Лишь ближе к весне 1970 года кембриджские друзья Рольф обнаружили, что же на самом деле с ней происходит; Набоковы не единственные получали ее аномальные спиралеграммы. Кто-то из преданных друзей устроил ее в больницу, где она провела этот столь необходимый для себя месяц. Позже ей поставили диагноз: нарушение психики, паранойя, мания величия; было предписано соответствующее лечение и абсолютный покой. Подлечившись, Рольф опубликовала вскоре в «Партизэн ревью» свою первую прозу на английском языке. Набоковы по-прежнему получали от нее по два послания в день. В 1978 году она регулярно посылала свои письма и сочинения Вере, а также стихи, в которые вплеталась тема Набоковых, та самая, с которой Рольф так и не смогла расстаться. В августе того же года у Рольф обнаружился скоротечный рак почки, и через пару недель она умерла; наверняка слух о ее смерти дошел и до Швейцарии, однако там никак не был отмечен. Вся эта эпопея вызвала истощение уже и так подточенных жизненных ресурсов в Монтрё, где столь высоко ценилось здравомыслие, что Вера даже при виде восхитительного, нежаркого летнего дня могла заметить: «Наконец-то погода взялась за ум» [312]

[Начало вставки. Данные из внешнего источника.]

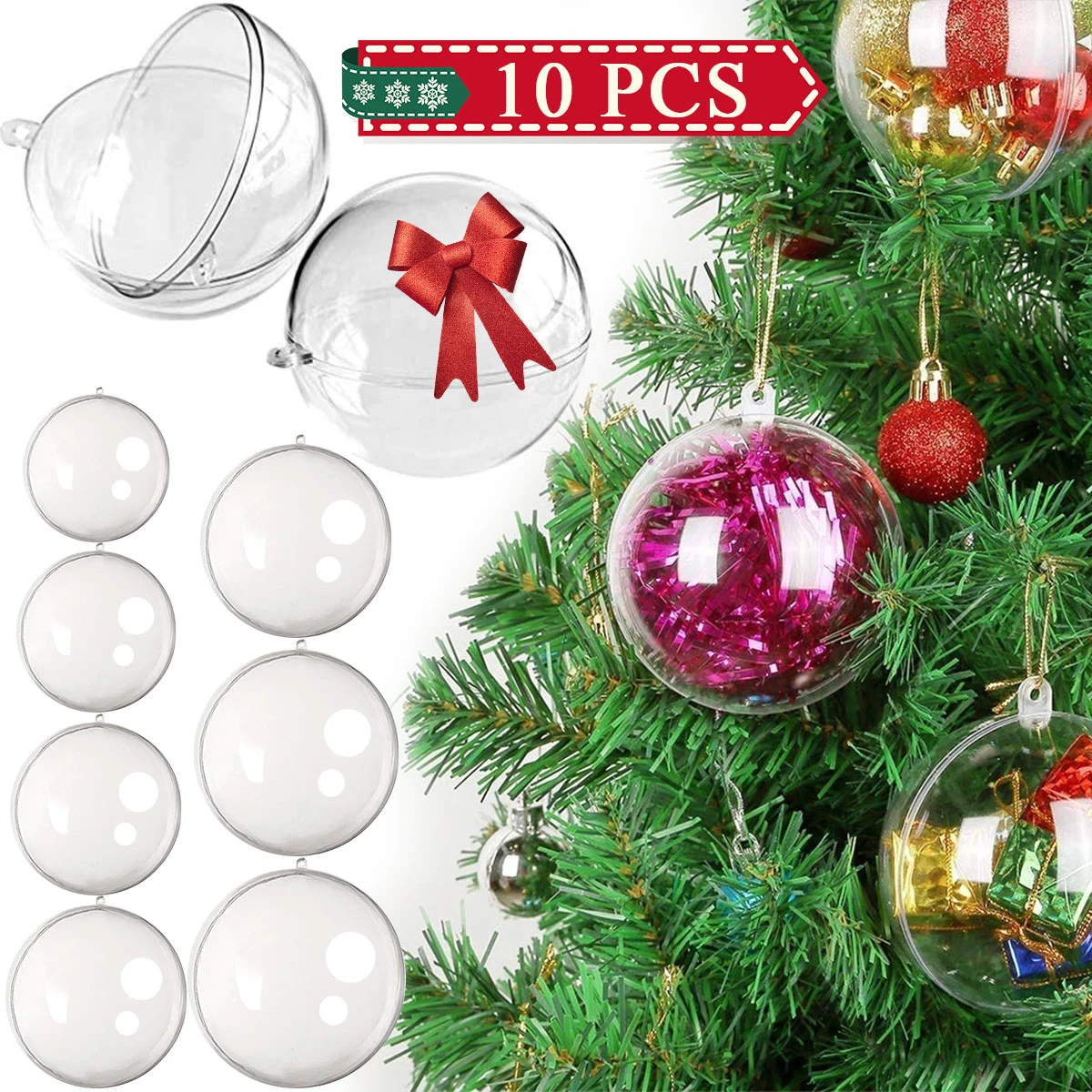 10 шт. прозрачные Заполняемые пластиковые шарики, акриловые елочные украшения, шарики сделай сам, подвесные подарочные коробки, декор для свадьбы, вечеринки, сада

. Рольф была из тех немногих людей, кто провоцировал Веру сбросить маску, заговорить собственным голосом с другим человеком. Вера пыталась утверждать, что все происшедшее – плод больной фантазии, но это было не так. Уже давно отказывая в доверии людям, в данном случае она целиком уклонилась и от личной ответственности. В живом общении такая тактика оказывается менее успешной, чем в литературе.
6
В начале октября 1967 года ассистентка Владимира по Музею сравнительной зоологии Филис с мужем-энтомологом Кеном Кристиансеном оказались проездом в Монтрё. Кристиансены с восторгом смотрели на того самого мальчика, за которым Филис (тогда Филис Смит) временами приглядывала в Кембридже и который теперь вымахал ростом в шесть футов пять дюймов и стал профессиональным певцом. К своему изумлению, супруги обнаружили, что Вера практически с тех пор не изменилась. И совершенно поразило их то, что она помнила, как звали кокер-спаниеля, который был у Филис двадцать лет назад. Набоковы не забыли ничего; и в воскресенье за обедом (говяжья вырезка, клубника) они засыпали Филис расспросами о ее родных, о которых были наслышаны за годы работы в музее. Особый интерес Набоковы проявили к тридцатишестилетней сестре Филис, с которой у нее трудно складывались отношения и которая оказалась душевнобольной. Владимир то и дело возвращался к этой теме, выясняя причину душевного расстройства сестры Филис. Бывшую ассистентку так изумило преувеличенное внимание к этой теме и прямота, с которой задавались вопросы, что она даже путалась с ответами. Вряд ли подробное набоковское выспрашивание 1967 года имело отношение к лавине писем от Филиппы Рольф. Однако совершенно очевидно, что Набоковы были проникнуты пониманием и глубоким сочувствием к людям с нарушенной психикой. Визит оказался обоюдно приятным. Кристиансены прежде всего отметили немеркнущее взаимное обожание четы Набоковых. Владимир по-прежнему говорил Вере «дорогая», и, по наблюдению другого гостя, произносилось это без малейшей тени обыденности. После обеда в гостиной Владимир, кладя сахар в кофе, просыпал его мимо чашки. Белые кристаллики аккуратной горкой осели на поверхности его мокасина. Вера с озорной улыбкой воскликнула: «Милый, ты себе подсластил туфлю!» Владимир расхохотался.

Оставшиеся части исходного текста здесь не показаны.